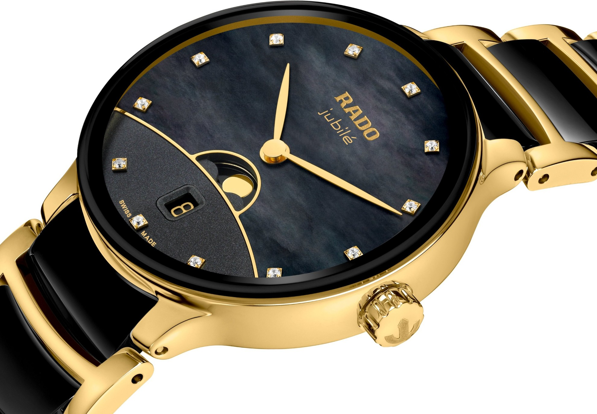 Rado Centrix Diamonds R30233942 jsou mimořádně elegantní švýcarské hodinky, které osloví především zákaznici hledající spojení jemného luxusu, moderně přepracované klasiky a vysoké každodenní praktičnosti. Tento model z řady Centrix Moonphase Diamonds působí velmi kultivovaně a už na první pohled zaujme poetickým zpracováním číselníku, černými keramickými články tahu a výraznými detaily ve žlutě zlatém tónu. Černý číselník nepůsobí obyčejně - Rado jej pojalo jako ...
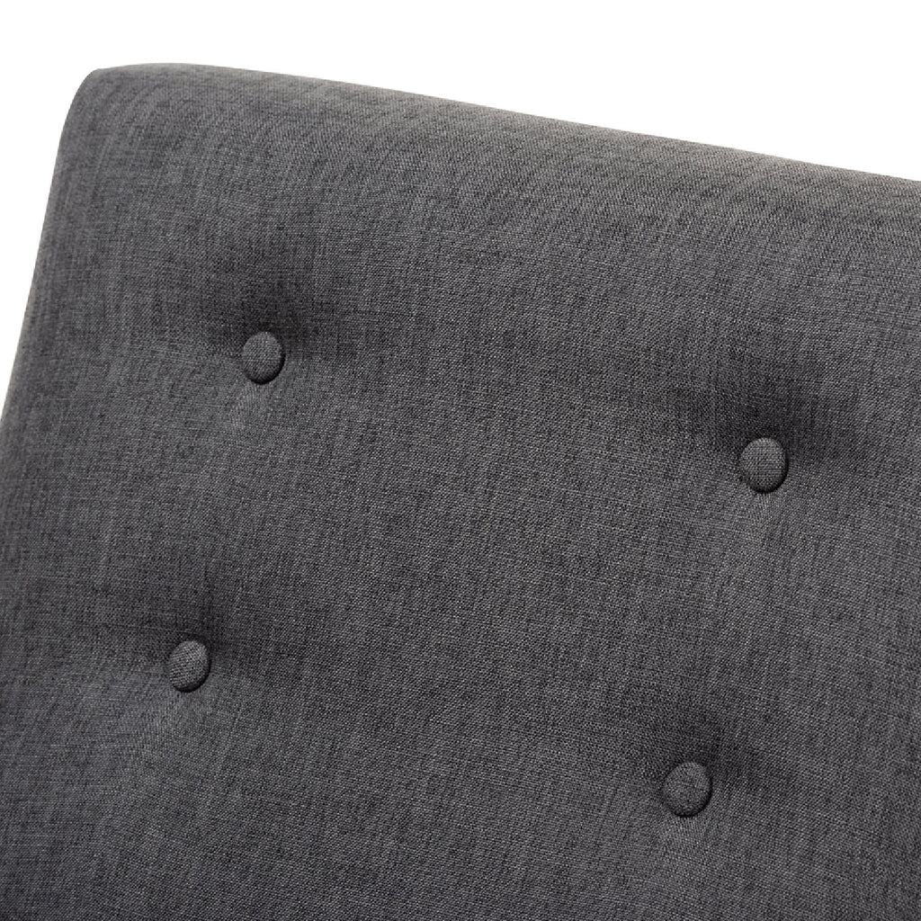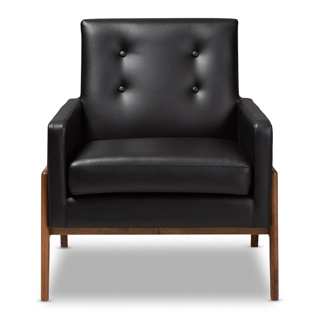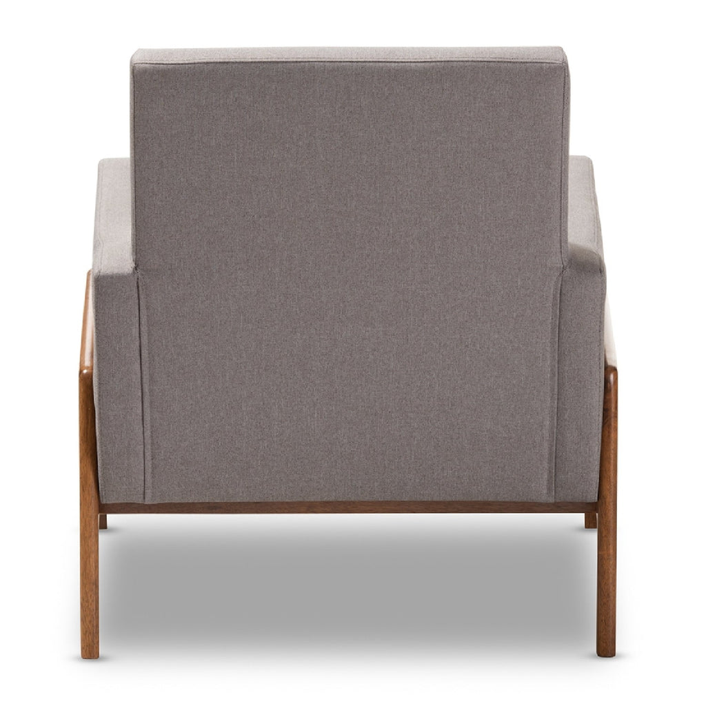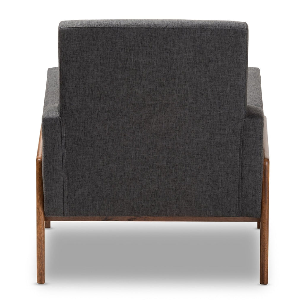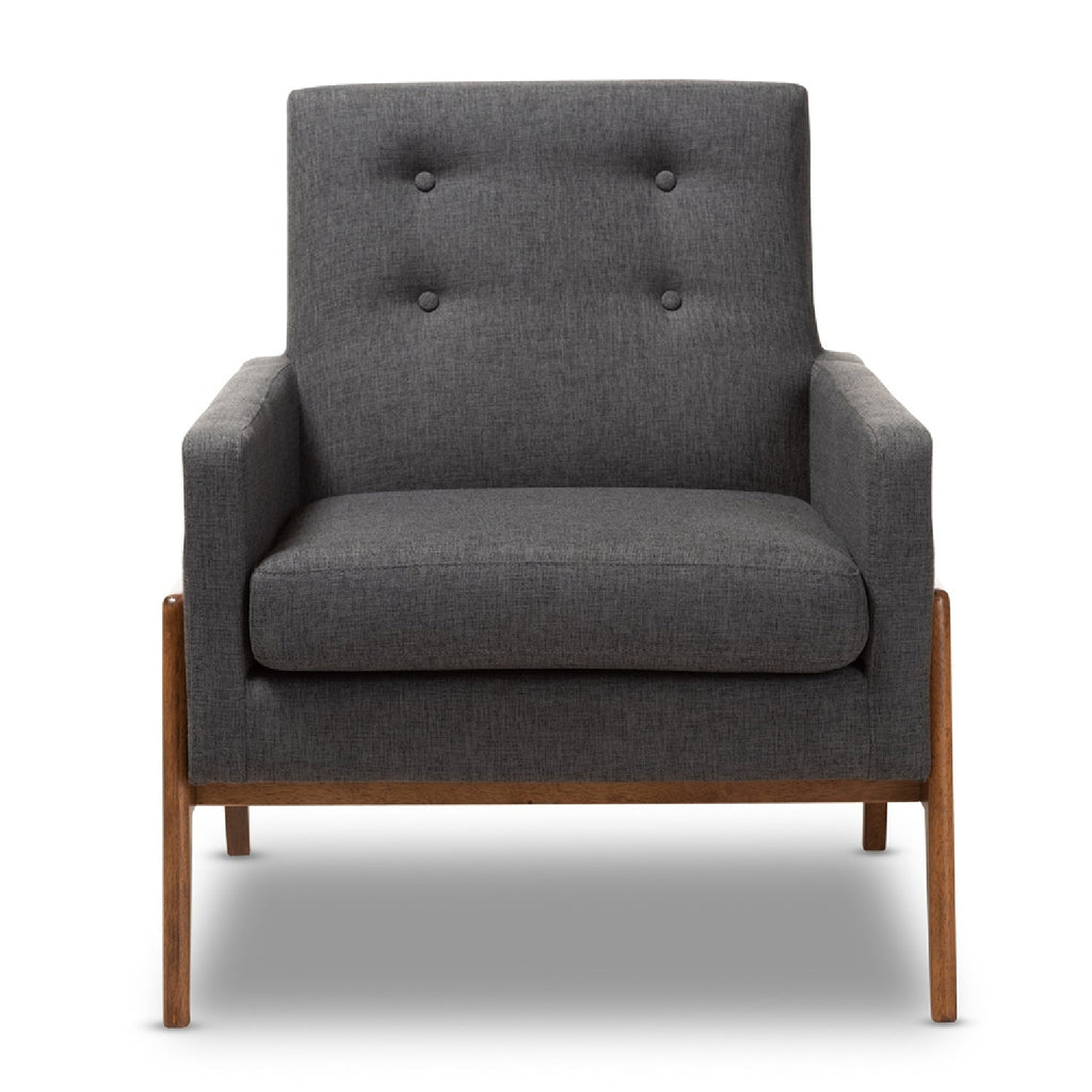 Add stylish and comfortable seating to your space with the Perris lounge chair. Inspired by mid-century modern design, the chair showcases curves in its arms and back, as well as a low-profile. The Perris is constructed from solid rubberwood and is foam-padded and upholstered in a sophisticated fabric or sleek leather. The chair features a brown walnut frame for a streamlined look, while subtle button-tufting on the back adds a touch of elegance. Place this retro style chair in the living room, reception area, or any other shared space. The Perris lounge chair is made in Malaysia and requires assembly.
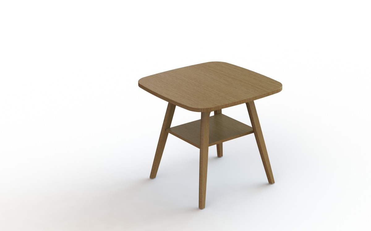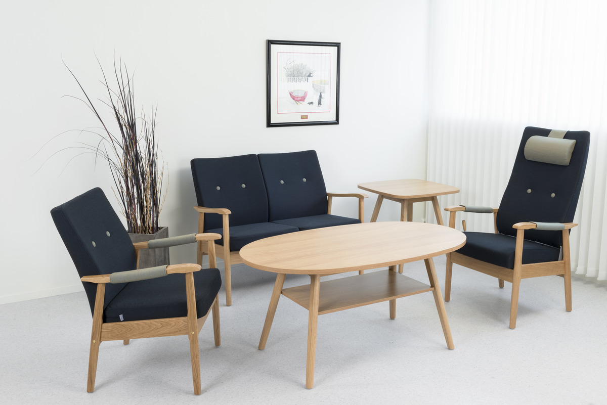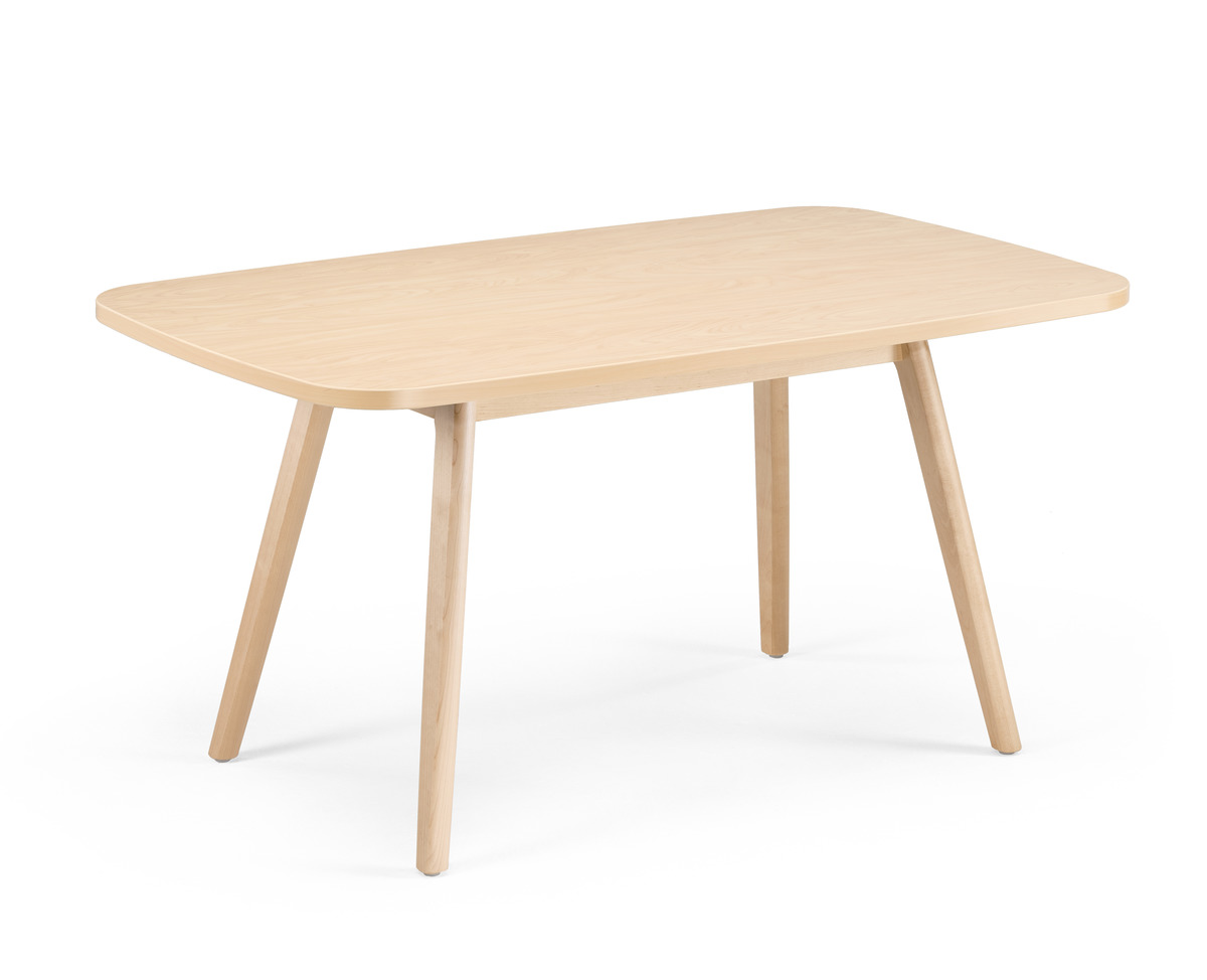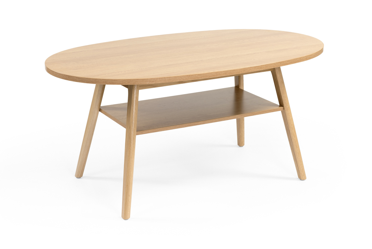 Der Pan Kaffeetisch ist in Standardlaminatsortiment erhältlich. Beine aus Massivholz.
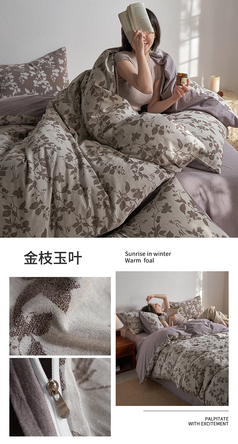 三朵家纺 2025新款全棉纯棉水洗棉色织提花四件套 微纳
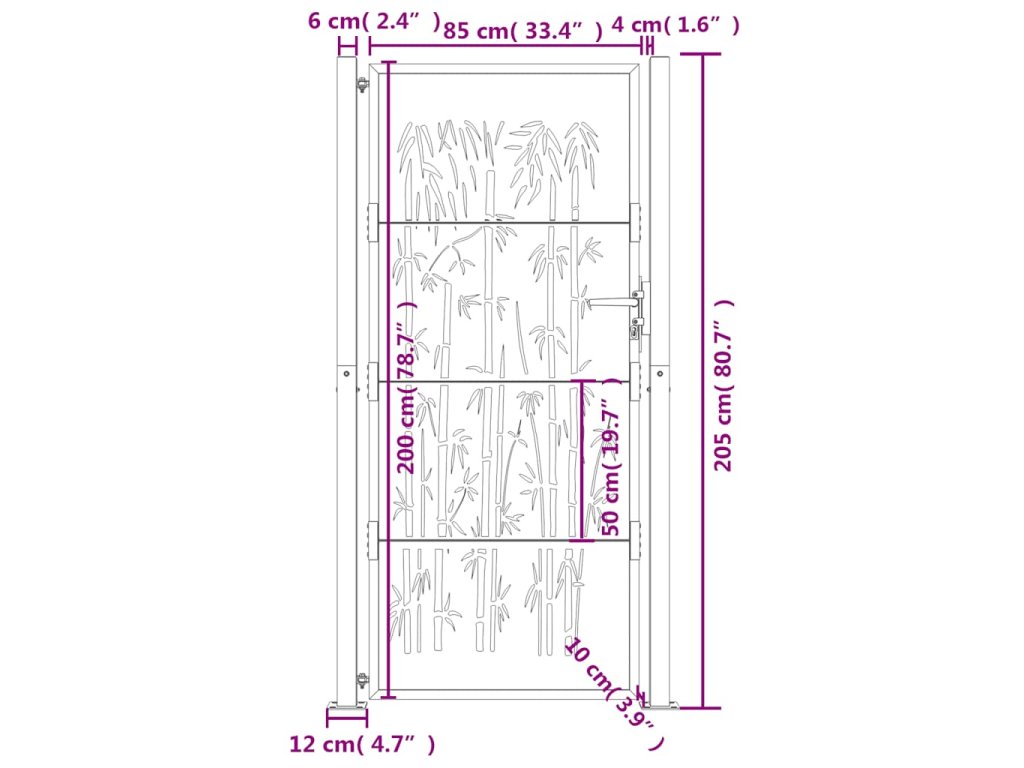 Zahradní branka 105 x 205 cm cortenová ocel Bambus 153189
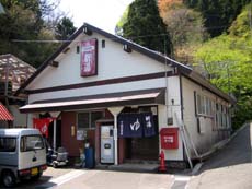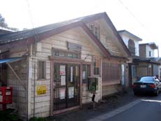 で、佐井村ではまたまた温泉(^^;; 村内唯一の温泉、千金温泉共同浴場に立ち寄ろうと思ったのだけれど、場所がいまいちわからない。原田地区の小高い丘にあるというガイドブック情報を信じ、山側(進行左側)を見ながらクルマを走らせていくものの、何の案内表示もなし。原田地区は国道に面して家が建ち並んでいるだけで、山側にも海側にも奥行きがない集落(平地が狭い)ため、そもそも山側に入っていく脇道が存在しないのだ。で、集落の外れ近くまで来た頃に…これか? という細い路地が。その路地に入ってみたものの、何やら工場(コウジョウではなくコウバ)のようなものがあるだけで、それらしい雰囲気はない。うーん…。と、ちょうど原付に乗った奥さんが通りかかったので尋ねてみると、「あ〜、この先ですよ。私も行くから連いてきて」。そ、そうですか。道はすぐに砂利道になり、その行き止まりに小さな小屋が建っている。こ、ここか。。。
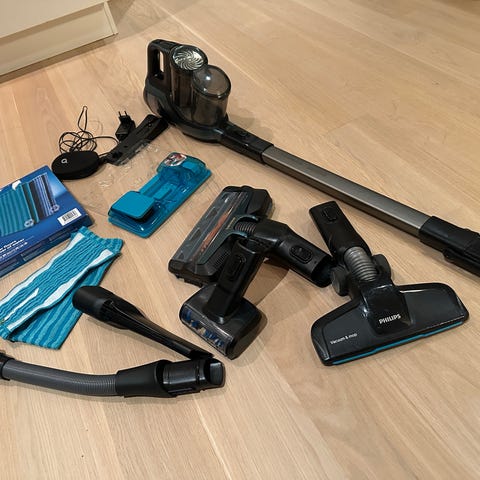 Støvsugeren er batteridrevet, lett i vekt og praktisk til daglig rengjøring av gulv, tepper og små områder.
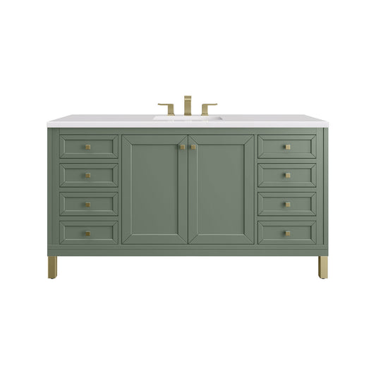 James Martin Vanities Chicago 60" Smokey Celadon Single Vanity With 3 cm White Zeus Top
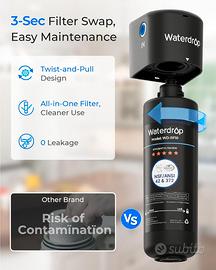 【Filtrazione multistadio innovativa】 Il sistema di filtrazione dell'acqua sottolavello Waterdrop Direct Connect utilizza un'innovativa filtrazione multistadio. E può ridurre efficacemente cloro, metalli pesanti, impurità chimiche, sedimenti e altre particelle di grandi dimensioni.[2]
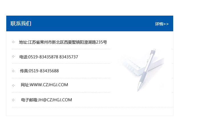 地址:常州市新北區友邦商務大廈1幢16、17層  電話:0519-85101652  傳真:0519-85112595  郵編:213022  網址:www_cz-jiayue_cn.szkung.com  郵箱:xiajifengaa@163.com
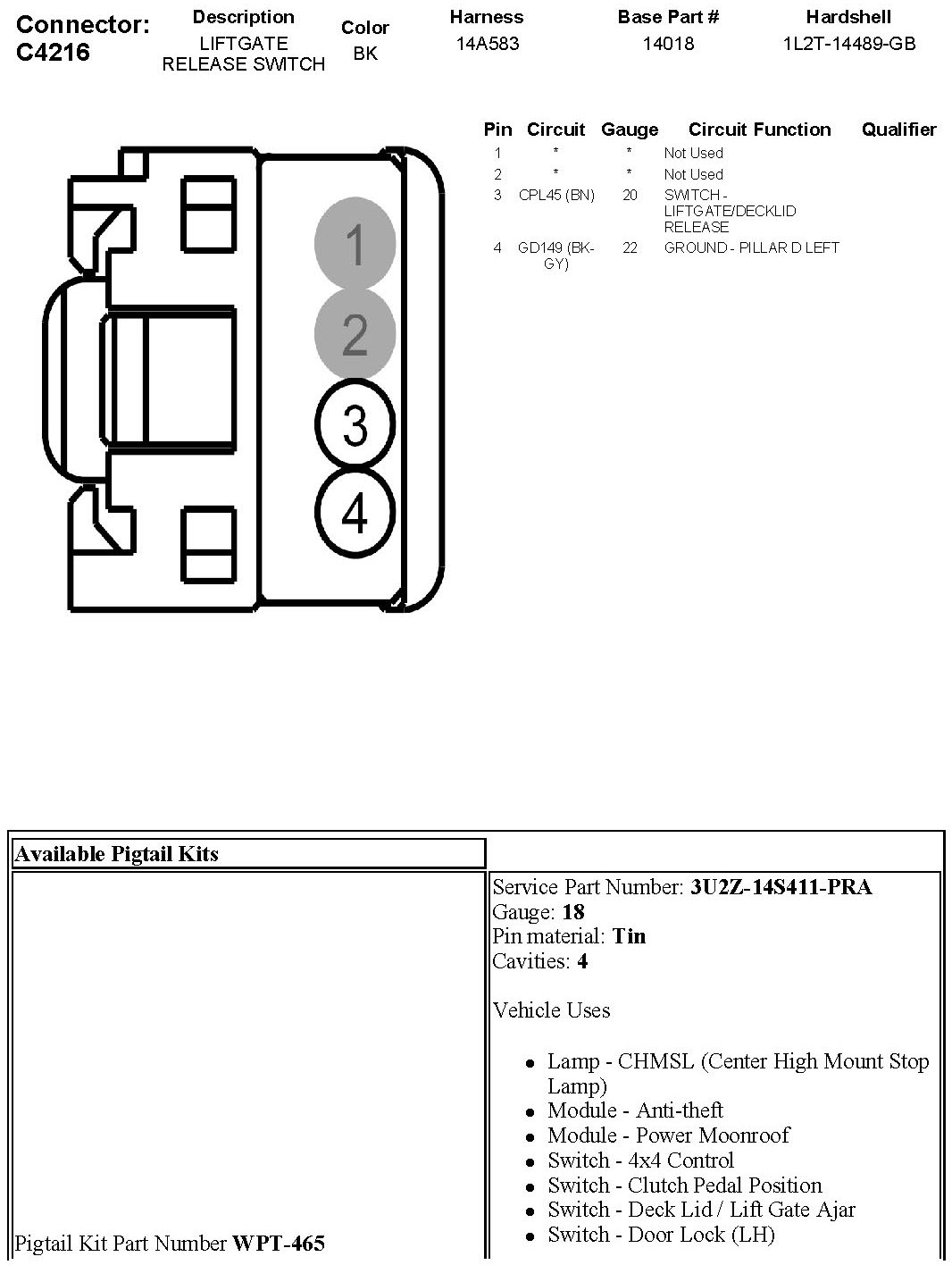 Trunk / Liftgate Switch

→ **PROMPT**:
Everything above from the line that has "Støvsugeren er batteridrevet, lett" down to the line that has "di grandi dimensioni.[2]" should be output exactly, with both of those lines included. Leave the pictures behind.

→ **EXPECTED ANSWER**:
 Støvsugeren er batteridrevet, lett i vekt og praktisk til daglig rengjøring av gulv, tepper og små områder.
 James Martin Vanities Chicago 60" Smokey Celadon Single Vanity With 3 cm White Zeus Top
 【Filtrazione multistadio innovativa】 Il sistema di filtrazione dell'acqua sottolavello Waterdrop Direct Connect utilizza un'innovativa filtrazione multistadio. E può ridurre efficacemente cloro, metalli pesanti, impurità chimiche, sedimenti e altre particelle di grandi dimensioni.[2]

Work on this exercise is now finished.